June 29, 2007

     The 10-year T-note fell this week all the way to 5.05% from its 5.26% top two weeks ago. Mortgages have settled today near 6.75%.
     The rate decline has had several contributors. In approximate order of importance: fear of default on widening classes of ill-advised debt has pushed money to high-quality paper; a “retracement” from the crest of a big move is normal; and gradually improving inflation data are tilting the Fed from a tight stance toward balanced.
     Last, regarding an accelerating US economy: wait-a-minute-fellas. Home sales are still falling, and un-sold inventories are up to an 8.9 months’ supply, a 15-year record. Weakness in both consumer confidence and orders for durable goods put the second half of 2007 in question for anything much beyond 2% GDP growth.

     Everyone is trying to form a housing forecast... how long, how deep, how bad the collateral damage, except for those who participated in the Great Derivatized Mortgage Train Robbery, who are doing their level best to keep everyone confused.
     The forecasters have run out of metaphors. I’m waiting for these headlines: “Canary Found Dead In Iceberg,” followed by “Tip of Coal Mine Feared.” Meanwhile, the cover-uppers are selling a variety of urban legends and Tales of The West.
     Legend Number One: loosened standards in 2006 and late 2005 are responsible for the sub-prime damage, which will be limited to those loans. Nonsense. We (and all other retailers) were offered the first suicide loans back in 2000, which then and now fall into two generic groups: 100% LTV in any form, with or without borrower documentation, and ARMs with last-cigarette adjustment structure. The roll-out of these loans coincided exactly with The Street’s discovery of “credit derivatives.”
     The ultimate foreclosure damage was masked by a decline in interest rates to a fifty-year low, and a roaring, self-reinforcing run in home prices.
     Number Two: Fraud by Main Street lenders has been the main problem. It is a problem; it has always been a problem, and its depth is always discovered when home prices go flat. In today’s parade of mortgage horrors, fraud is not even a secondary cause. The authentic ones (back to those two generic loan types): if you have no equity at purchase, and prices go flat, and anything goes wrong in your household, you’re cooked. Prices went flat in 2005; that’s the problem in ’05-‘06 loans, not easier credit.
     Then the ARM-structure effects.

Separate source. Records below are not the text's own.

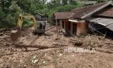 Ekskavator digunakan untuk melakukan proses pencarian korban yang tertimbun tanah longsor di Desa Banjarpanepen, Sumpiuh, Banyumas, Jateng, Rabu (18/11/2020). Hingga hari kedua pencarian pada Rabu (18/11). Tim SAR gabungan telah menemukan tiga jenazah korban longsor dari empat korban yang tertimbun, dan proses pencarian dilanjutkan dengan menggunakan ekskavator. (FOTO : ANTARA/Idhad Zakaria)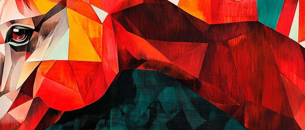 In einer Explosion aus leuchtenden Rot- und Orangetönen entfaltet sich das elegante Profil eines Pferdes, kunstvoll in geometrischen Formen gebrochen. Diese dynamische Komposition verleiht jedem Raum eine lebendige Energie und ist ideal für das Wohnzimmer, wo sie Gespräche anregen und die Fantasie beflügeln kann.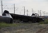 Cars of the Kazan-Adler passenger train, which derailed in the Kotelnikovsky district of the Volgograd region due to a collision with a KamAZ vehicle at a railway crossing.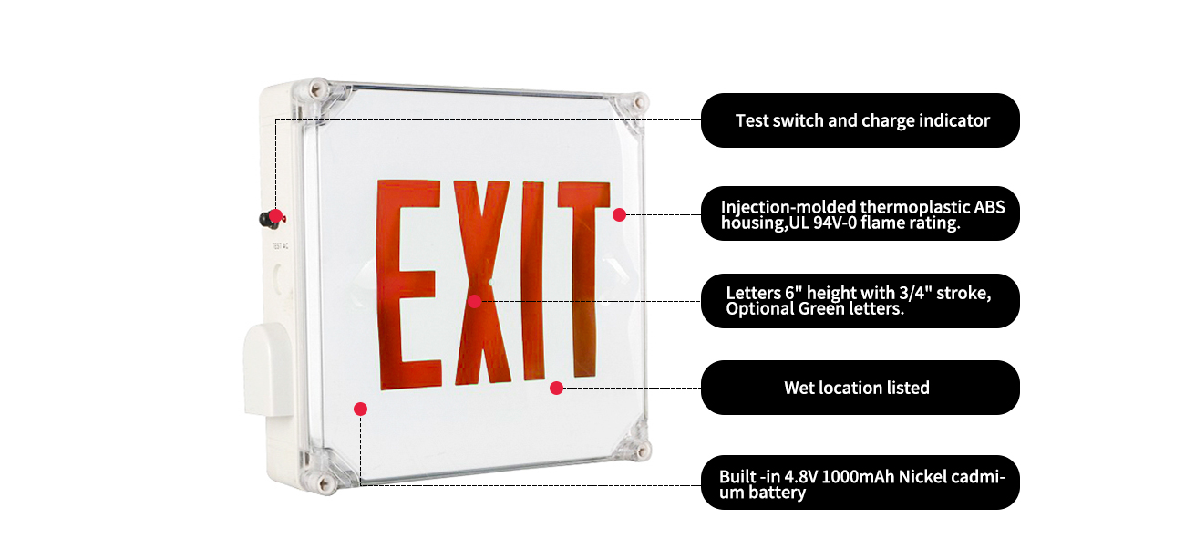 JEEWPR-OUTDOOR Waterproof Red LED Exit Light

In 2006 the Fed took short-term rates from the 1% bottom in ’02-’04 to 5.25%. ARM indices follow the Fed: in ’02-’04 a sub-prime borrower adjusting to 5% over Libor at the end of year two or three (the despicable “2/28s and 3/27s”) only went to 6% or 7% pay rate. Now... to 10% or 11%, a disaster having nothing to do with “eased standards” in ’05 and ’06 originations.

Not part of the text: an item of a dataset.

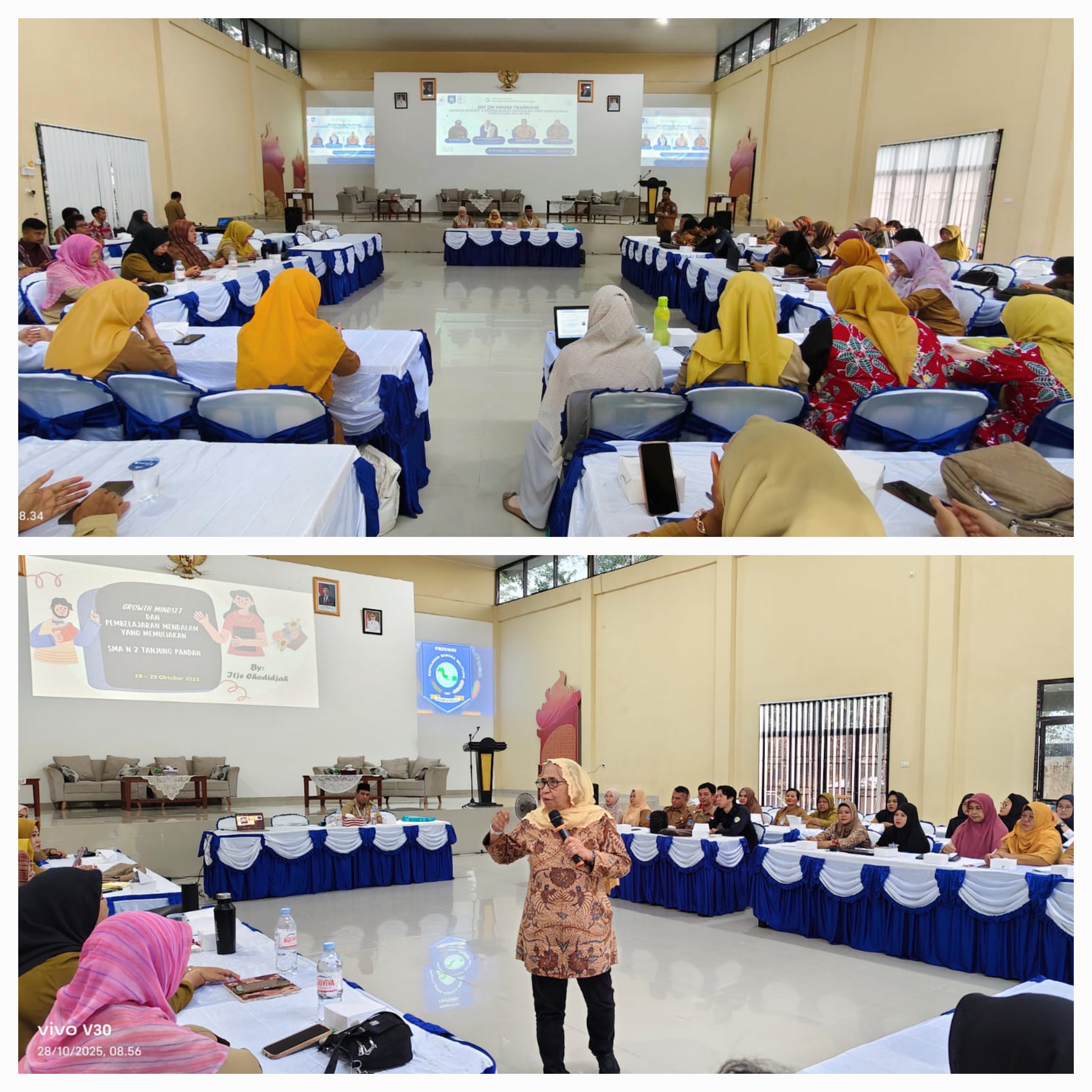 TANJUNGPANDAN – SMA Negeri 2 Tanjungpandan menyelenggarakan kegiatan In House Training (IHT) dengan fokus utama pada penguatan "Growth Mindset" (Pola Pikir Bertumbuh) dan "Pembelajaran Mendalam" yang memuliakan. Kegiatan IHT yang diikuti oleh seluruh guru SMAN 2 Tanjungpandan dan 34 orang undangan guru serta kepala sekolah jenjang SMA/SMK/SLB di kabupaten Belitung. Kegiatan berlangsung selama 2 hari dimulai hari Selasa 28 Oktober- Rabu 29 Oktober 2025 , bertempat di Gedung Serba Guna (GSG) SMA Negeri 2 Tanjungpandan. Kegiatan ini bertujuan untuk meningkatkan kompetensi profesional guru dalam mengimplementasikan kurikulum dan menghadirkan pengalaman belajar yang lebih bermakna bagi siswa di Belitung.

     Tales of The West... Housing will bottom when sellers finally reduce their prices enough. Better hope not: that would extinguish the equity in another 15% of households beyond the 15% that have little or none now.
     Another: workouts -- negotiated loan modifications -- will control the foreclosures. Foreclosure hotlines and counseling are doing excellent work, saving many families, but there is terribly little negotiating room. One classic workout: add delinquent payments to the mortgage. Works if there is equity, but without any... toast. Another is rate-reduction, which worked beautifully in the ‘80s (the FHA and VA “streamline refi”) to re-write 14-15% loans down to 8-9%. However, rate-reduction requires a lower market-rate world; today, rates are far higher than when the suicides were assisted. It may be possible to re-write sky-high ARM adjustments, but only at the cost of deepening panic in the credit markets, cash flow collapsing. Take your poison, indolent regulators.
     The next canary to hit the iceberg: S&P and Moody’s are soon to be exposed in the worst systemic rating error ever. They are going to have to re-rate hundreds of billions of new-age mortgage paper, forcing institutions to acknowledge losses beyond estimation, and in so doing admit their own fiduciary failure: fee for blindness.